I’ve had the pleasure of growing up with two older sisters by my side since the day I was born. There’s a bit of sarcasm in that sentence because yes, sisters are like permanent best friends, but they’re not always rays of sunshine. We tend to fight, a lot, but I’m truly blessed to have them in my life regardless. My sisters have taught me more than they realize. One of the many gifts they’ve given me is the ability to not take things too personally. I’ve learned this through their uncanny way of being brutally honest when I need to hear it. I know they’ve made comments to me because they care, and I’ve learned to take their comments as constructive criticism instead of as personal attacks. Not taking things personally is not the easiest task in the world; I struggle with it every day, but what my sisters have taught me makes it easier, and I’d like to share them here with you.
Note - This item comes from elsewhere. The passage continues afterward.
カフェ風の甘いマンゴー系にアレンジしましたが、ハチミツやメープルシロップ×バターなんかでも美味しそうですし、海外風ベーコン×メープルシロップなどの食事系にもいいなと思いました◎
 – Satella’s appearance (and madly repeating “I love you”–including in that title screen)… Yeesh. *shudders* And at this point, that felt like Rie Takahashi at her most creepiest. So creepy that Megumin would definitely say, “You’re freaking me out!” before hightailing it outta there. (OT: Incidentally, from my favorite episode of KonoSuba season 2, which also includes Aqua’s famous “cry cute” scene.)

1. “A tiger doesn’t lose sleep over the opinions of sheep” – Unknown
After quite an embarrassing mishap in a Chemistry lab, I was upset over comments made by other students in the room. I called my sister to talk about it, and her advice brought me out of my gloom. She very bluntly told me that I wasn’t a “science” person but hey, I tried my best doing the experiment, and that’s all that mattered. I shouldn’t care what the kids said; I hardly knew them anyway. What can I say? She was absolutely right. Realizing whose opinions matter gives you control, and it’s empowering to know that you have that choice of who influences your life. Think about it: How many people have a true impact on the way you feel, think, and behave? Your answer probably includes some of your family, best friends, and maybe a professor. The number is rather small compared to the amount of people you interact with on a daily basis. So why should a negative comment (intended or unintended) by someone you barely know, influence your thoughts?
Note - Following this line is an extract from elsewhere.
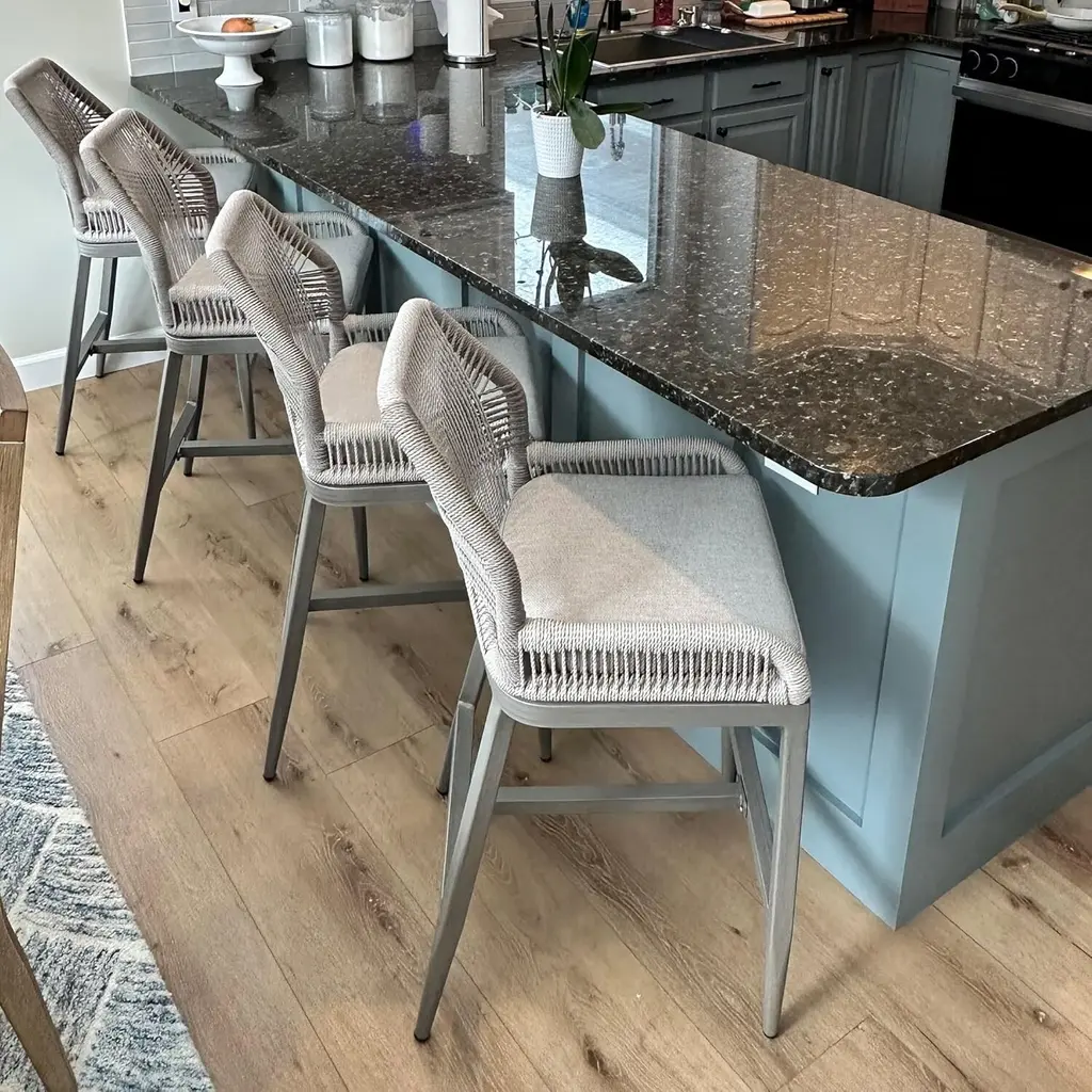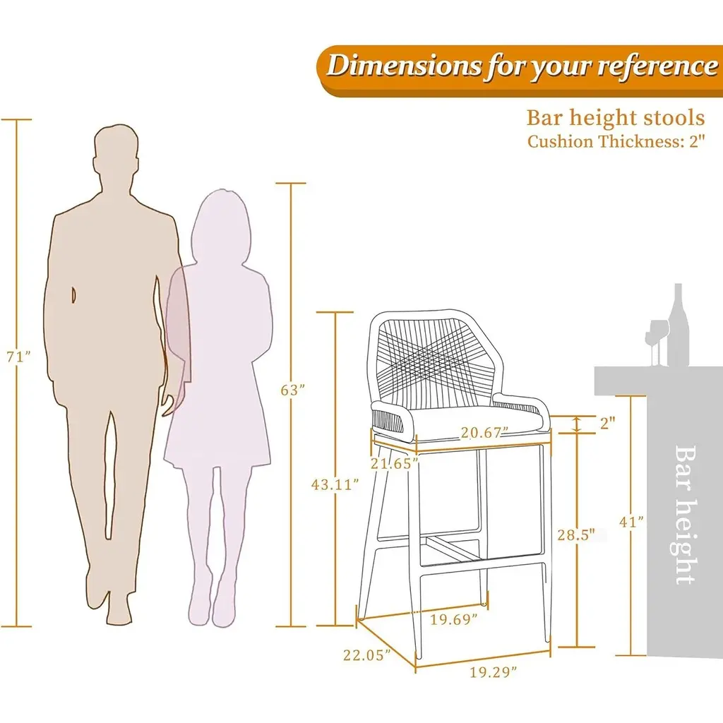 The outdoor patio aluminum bar Stool Chair with cushions are sure to give your home a new look.The one-piece seat pan and backrest provide the ultimate in comfort. The patio stool is made of high quality all-weather polyethylene rattan, durable and UV resistant. The grey finished aluminum frame is sturdy and rust-resistant for long-term outdoor use. A kind of special comfort can be reached by being seated on PURPLE LEAF collection with super soft foam inside and the ergonomically balanced back.What's Included? Features:Product Dimensions:

2. “You are what you practice most.” –Richard Carlson
My sisters and I are completely different people. We all have opposite personalities, likes, and dislikes. I swear if we didn’t look like triplets, I wouldn’t believe we were related. The differences between us have taught me to reflect on the type of person I truly am. I think reflection is one of the most important skills to practice in life. Knowing your strengths, weaknesses, and characteristics can be one of the best tools in not taking comments personally. If you know yourself, you’ll know whether comments from others are an honest reflection of who you are. This takes practice, though! You live and you learn, that’s how you begin to know yourself.
3. “Every second that you spend on doubting your worth, every moment that you use to criticize yourself; is a second of your life wasted, is a moment of your life thrown away.”- C. Joybell C.
Fashion can be quite the issue between my sisters and me. Different likes means different styles. Regardless of differences, I will ask their opinions on outfits, makeup, and hairstyles. When one says that they love it, the other says they hate it. Despite their opinions, they’ve reassured me that I need to go with what I like best and am confident in. They’ve taught me a sense of self, and that self worth comes from within. This happens when you realize you should not take negative opinions personally and to take compliments with a grain of salt. Everyone loves compliments, but a self-esteem based on the opinions of others will inevitably crumble. No one is perfect, forgive yourself for your flaws and love yourself for who you are.